No, I mean, maybe sometimes.
Barlow Girl.
I'm not sure.
Building 429.
I think the ones I'm thinking of are like, no,
like what's the song.
Super Chick.
Take me away.
You know that song?
Yeah, yeah.
Who is that?
30 Seconds to Mars?
I don't know.
I didn't listen to that stuff.
I don't know how long it took them.
Take me away.
The Great Escape, My Chemical Romance.
Is it?
I'm just saying, I don't know.
Take it back something.
Take it back some hay.
What did we say this song's called?
Oh, look it up.
I just said it.
The Great Escape.
1963 film.
Oh, that's what it is.
Great film.
Dude, I've actually, flashback,
I forgot I did a whole project on this.
These guys that like dug their way out of this camp.

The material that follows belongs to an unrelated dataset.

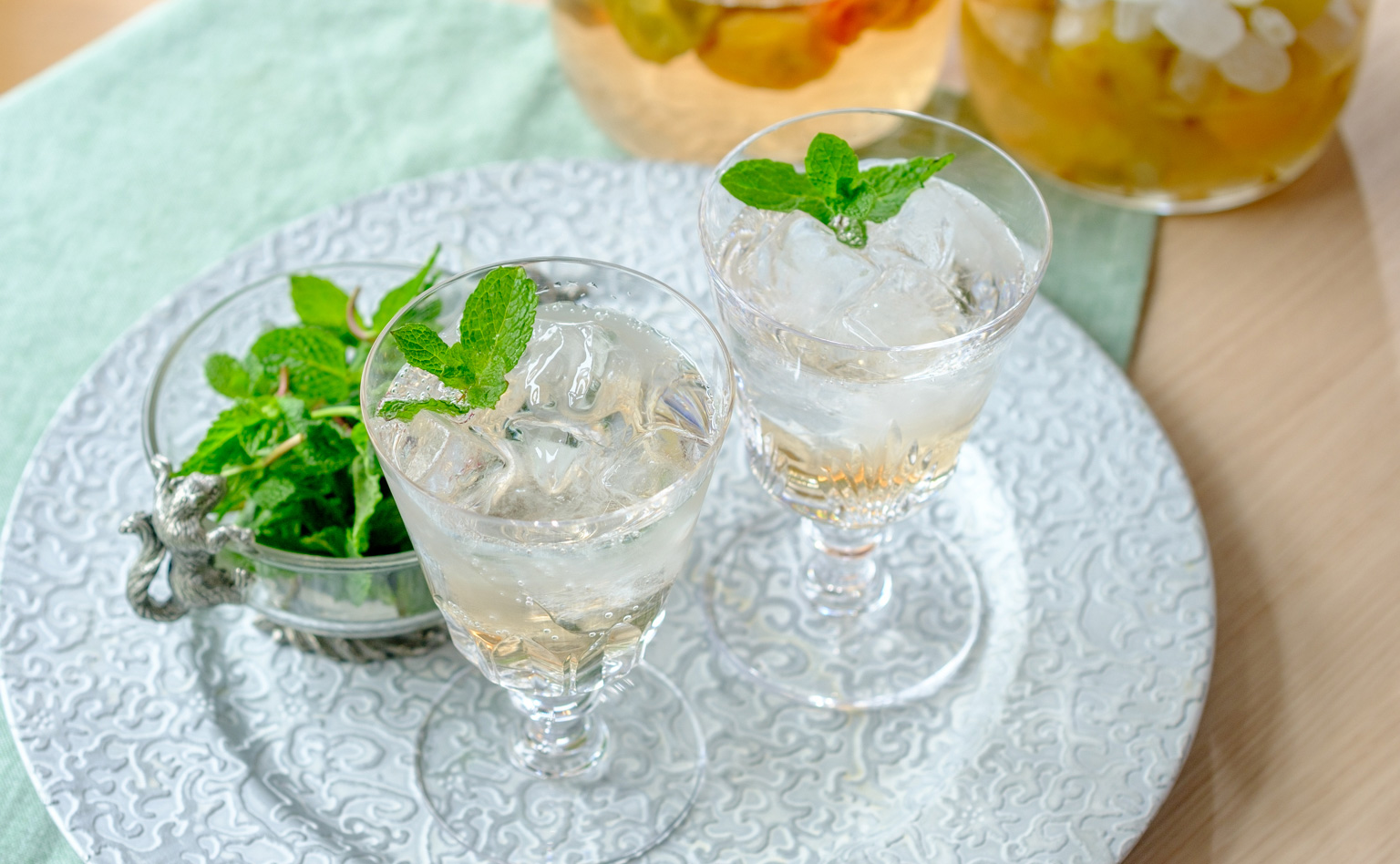 この日は炭酸水で割っていただきました。グラスに氷と、梅シロップを大さじ2程度入れて、100~150ml程度の炭酸水を注ぎます。お好みでミントを添えて。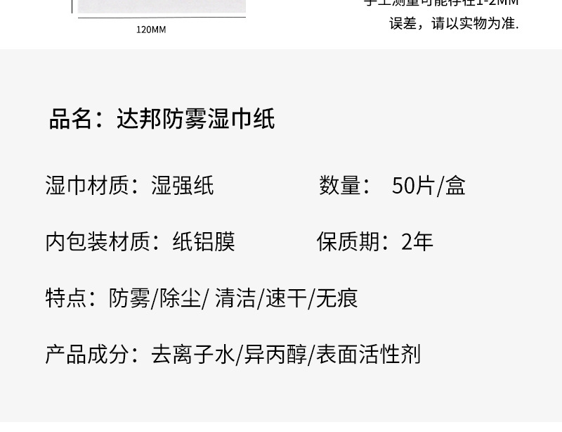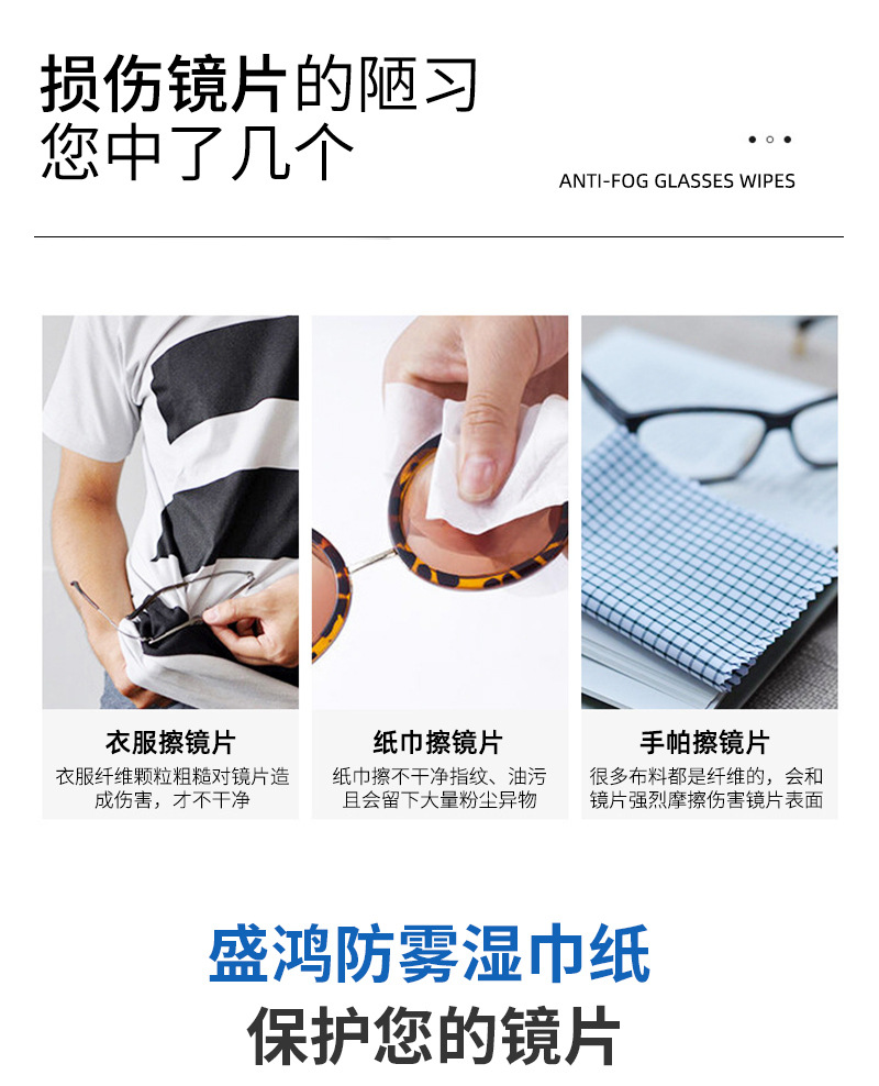 공장 재고 일회용 렌즈 천 휴대용 렌즈 와이프 김서림 방지 종이 타월 와이프 안경 와이프 도매 50 개

Yeah, yeah, Steve McQueen.
All right, so the song.
Boys Like Girls.
Oh, see that, like that kind of thing would never,
and like even when she played it today, it would just be like, I would just kind of like bob my head along. Yeah. Yeah. Yeah, that one never came your way
I mean I kind of knew it but I was just like like she really wanted to get into it with me kind of like
Probably sounds like you were trying to get with like you like the song think this real it's like this isn't I'm not vibing with
This one very much
What was your introduction to secular music?
No, I mean, you know, I was the baby of my family.
So like birth, probably Nellie and you know, four years old,
secular music.
I mean, I remember loving the Beatles as a young, young kid.
Like my dad, like we listened to all our oldies 95,
old night, it was on 94.9,
but they called it oldies 95.
Yeah, it's kind of interesting.
So that's probably my intro like that.
And I remember we listened, there was a tape.
My aunt had a tape of Beach Boys, like greatest hits on the way.
And we'd always listen to it on the way down to the lake.
So those are some of the good memories of like Beach Boys and Beatles were probably like the
first secular music.
But yeah, then my sisters, you know, listen to stuff.
I listen to it with them.
Yeah.
So I was probably listening to stuff
10 years before you were.
Oh, I'm sure.
I mean, I've talked about it.
I don't know the words to like Backstreet Boys, Nelly,
like all that stuff, like that was before.
I will say my dad let a few slip through the cracks
on purpose, I probably mentioned this,
but from our house to like Stratford School,
gymnasium, whatever, it was like a five minute drive.
Until before every like middle school basketball game,
every middle school football game, didn't matter.
On the way to the games, he would play a cassette
that was I think ACDC's greatest hits.
We just listened to the same two songs.
Shook Me All Night Long and Back in Black.
We just listened to those two songs before every game.
That was all I had.
I had that and like Stephen Chris Chapman.
Love it, love it.
But then going into high school
was when it finally like broke.
And that summer, summer of 2006 was Soulja Boy.
Okay.
That was like my introduction into like, you know,
the rest of music.
And I was like, whoa, there was that.
It was like T-Pain, DJ Unk, remember him?
What was his song?
Walk It Out and Two Step for the two big ones.
Oh yeah, he was both those?
Yeah, he came in firing.
DJ Unk was doing all right for a second there.
He did all right.
Was a chameleon air that same time?
That was maybe a year or two later.
Okay.
Cause I think I was driving by then, but then,
oh, Akon, Akon went on a roll while we were in high school.
He was everywhere.
Akon and Lil Wayne.
Couldn't go anywhere without him.
Yeah, that's crazy.
Yeah.
I did see some stuff.
I think in like 2008, Lil Wayne was featured
in like 400 songs or something.
Like he recorded more songs than there were days.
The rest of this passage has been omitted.